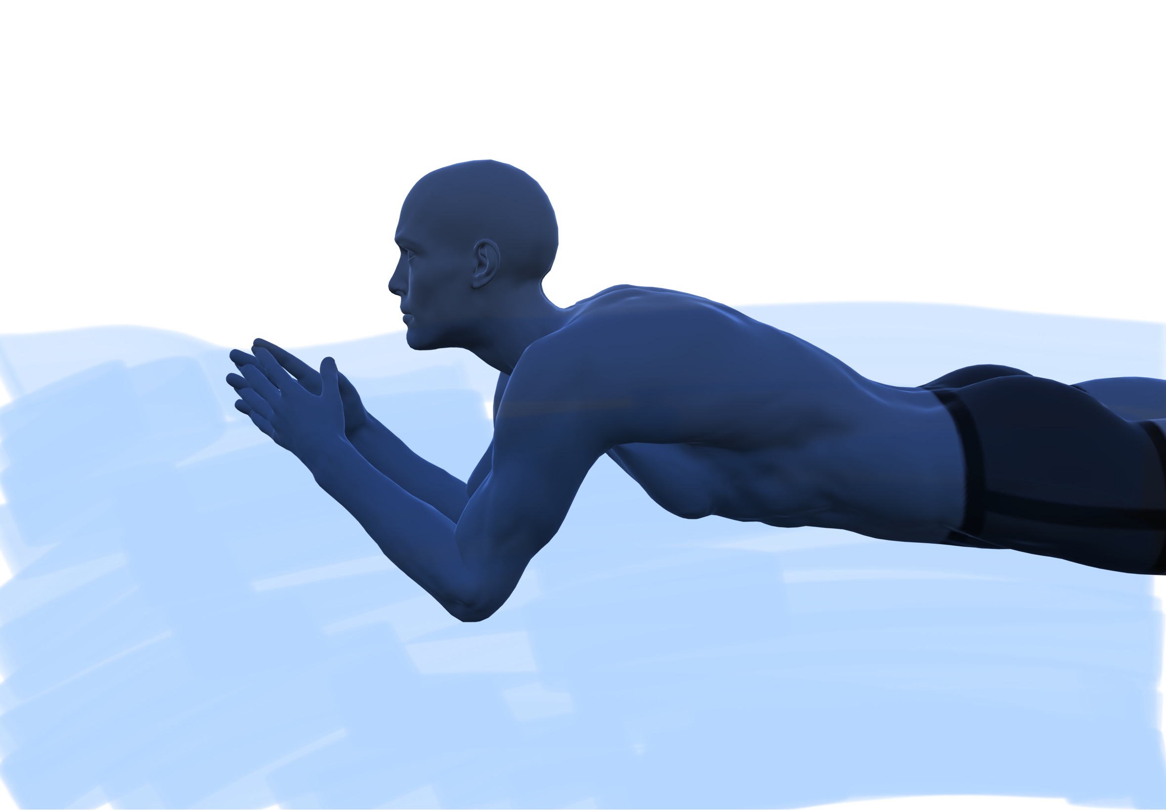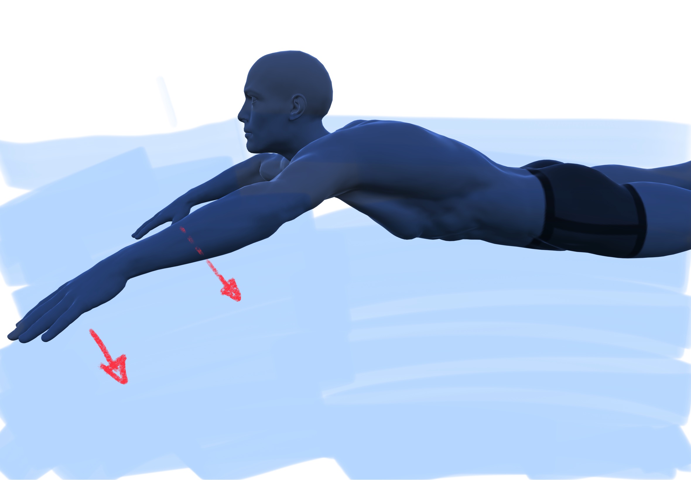 숨을 들이셨으면 물 속으로 들어가면서 손을 앞으로 쭉 뻗어준다.
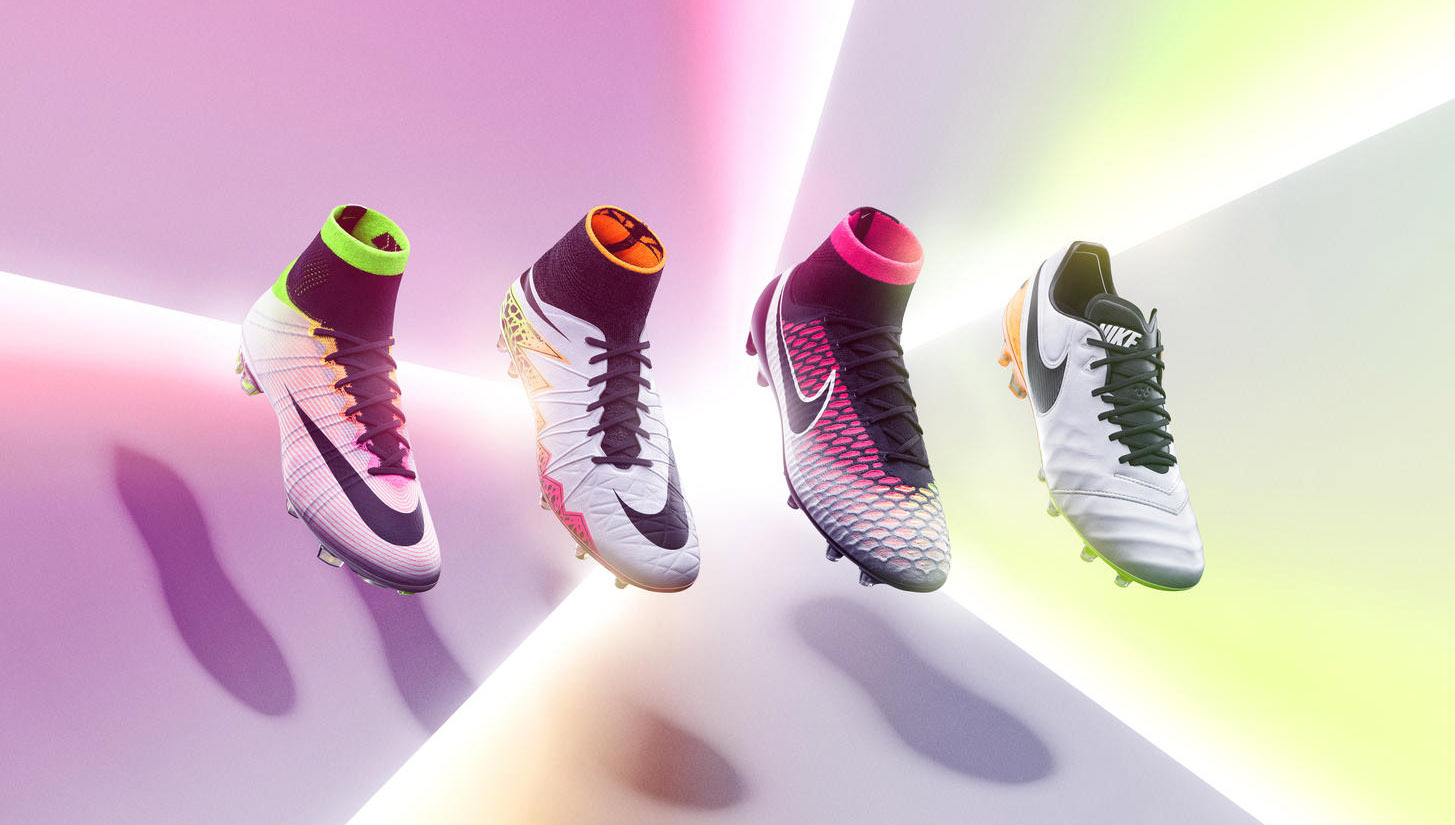 Colourful concoctions are placed on the soles of the Tiempo Legend 6 and Hypervenom Phantom II, while the Mercurial Superfly IV and Magista Opus each twists and turns the Radiant design to make it their own. Nike have also rolled out a complete collection of FootballX offerings and women's editions in full 'Radiant Reveal' wraps to complete football's widest range. The whole family is in on this one.
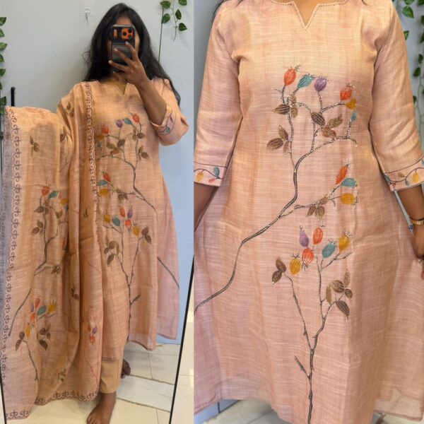 Orange Premium Jamdani Linen with mulcotton lining all over embroidery kurta set (Prefer next size) - PMA55
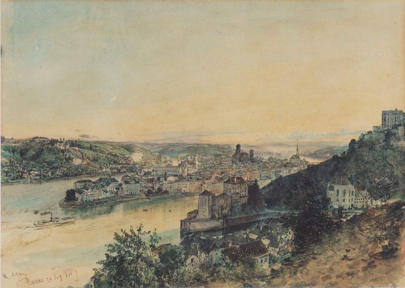 Походы и поездки, которые он совершал с отцом в австрийские Альпы и северную Италию, пробудили в нем любовь к пейзажам, которые он писал акварелью в очень реалистичном и детальном стиле. В 1833 году он посетил Венецию и соседние города и написал множество архитектурных картин .
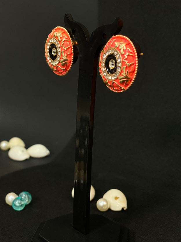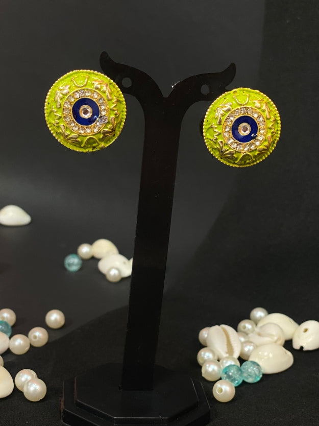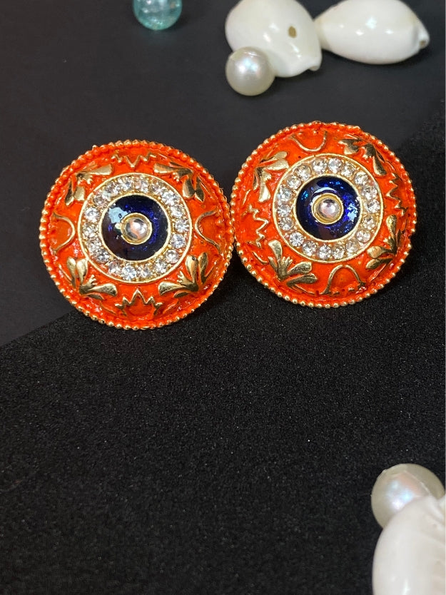 Meenakari Round Stud Earrings with Imitation Stone
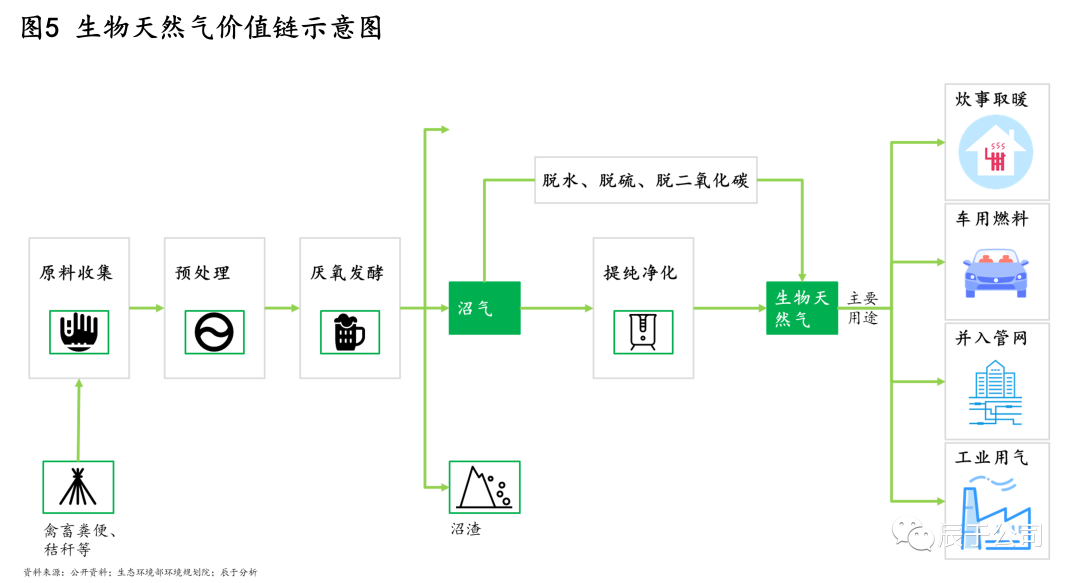 生物天然氣是指通過(guò)對(duì)秸稈、人畜糞便等生物質(zhì)經(jīng)過(guò)發(fā)酵形成沼氣后,進(jìn)一步提純獲得的天然氣,作為天然氣的替代品用于家庭炊事取暖、車(chē)用燃料、工業(yè)用氣等領(lǐng)域,它的價(jià)值鏈較長(zhǎng)(見(jiàn)圖5)。
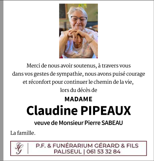 Décédée à Naomé (5555) le mardi 10 mars 2026 à l'âge de 78 ans
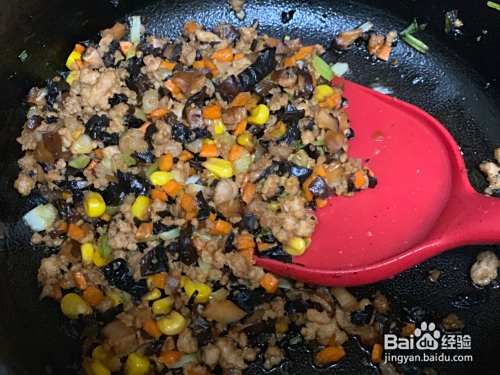 香菇、木耳、胡萝卜切碎,香葱切葱花,葱白和葱叶分开。炒锅倒入适量植物油,油八分热倒入肉末翻炒变色,倒入葱白翻炒,倒入香菇等其他配料
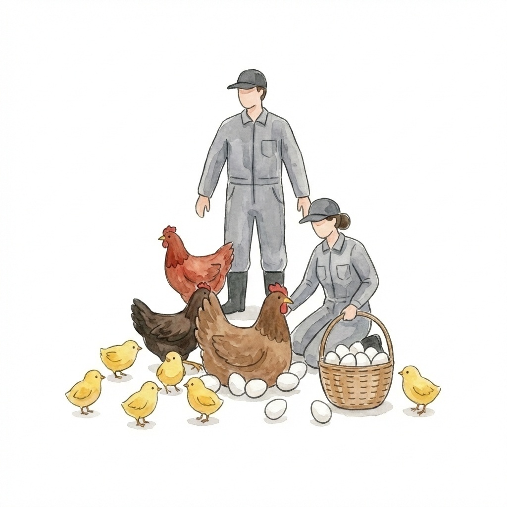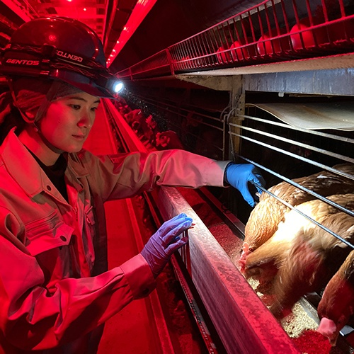 とはいえ、機械だけでは管理しきれないのが、生き物と向き合うということ。中でも、育雛農場に来て間もないヒナはまだ十分に体温調節ができないため、スタッフが直接看護飼育をします。農場を移動してからも、ワクチン接種や日々の観察など、人の手を介して鶏の健康管理に努めます。

> [To do] In the listing above, find the line containing "Orange Premium Jamdani" and restate it and every later line verbatim, with the pictures left out.

> [Solution to this task]
 Orange Premium Jamdani Linen with mulcotton lining all over embroidery kurta set (Prefer next size) - PMA55
 Походы и поездки, которые он совершал с отцом в австрийские Альпы и северную Италию, пробудили в нем любовь к пейзажам, которые он писал акварелью в очень реалистичном и детальном стиле. В 1833 году он посетил Венецию и соседние города и написал множество архитектурных картин .
 Meenakari Round Stud Earrings with Imitation Stone
 生物天然氣是指通過(guò)對(duì)秸稈、人畜糞便等生物質(zhì)經(jīng)過(guò)發(fā)酵形成沼氣后,進(jìn)一步提純獲得的天然氣,作為天然氣的替代品用于家庭炊事取暖、車(chē)用燃料、工業(yè)用氣等領(lǐng)域,它的價(jià)值鏈較長(zhǎng)(見(jiàn)圖5)。
 Décédée à Naomé (5555) le mardi 10 mars 2026 à l'âge de 78 ans
 香菇、木耳、胡萝卜切碎,香葱切葱花,葱白和葱叶分开。炒锅倒入适量植物油,油八分热倒入肉末翻炒变色,倒入葱白翻炒,倒入香菇等其他配料
 とはいえ、機械だけでは管理しきれないのが、生き物と向き合うということ。中でも、育雛農場に来て間もないヒナはまだ十分に体温調節ができないため、スタッフが直接看護飼育をします。農場を移動してからも、ワクチン接種や日々の観察など、人の手を介して鶏の健康管理に努めます。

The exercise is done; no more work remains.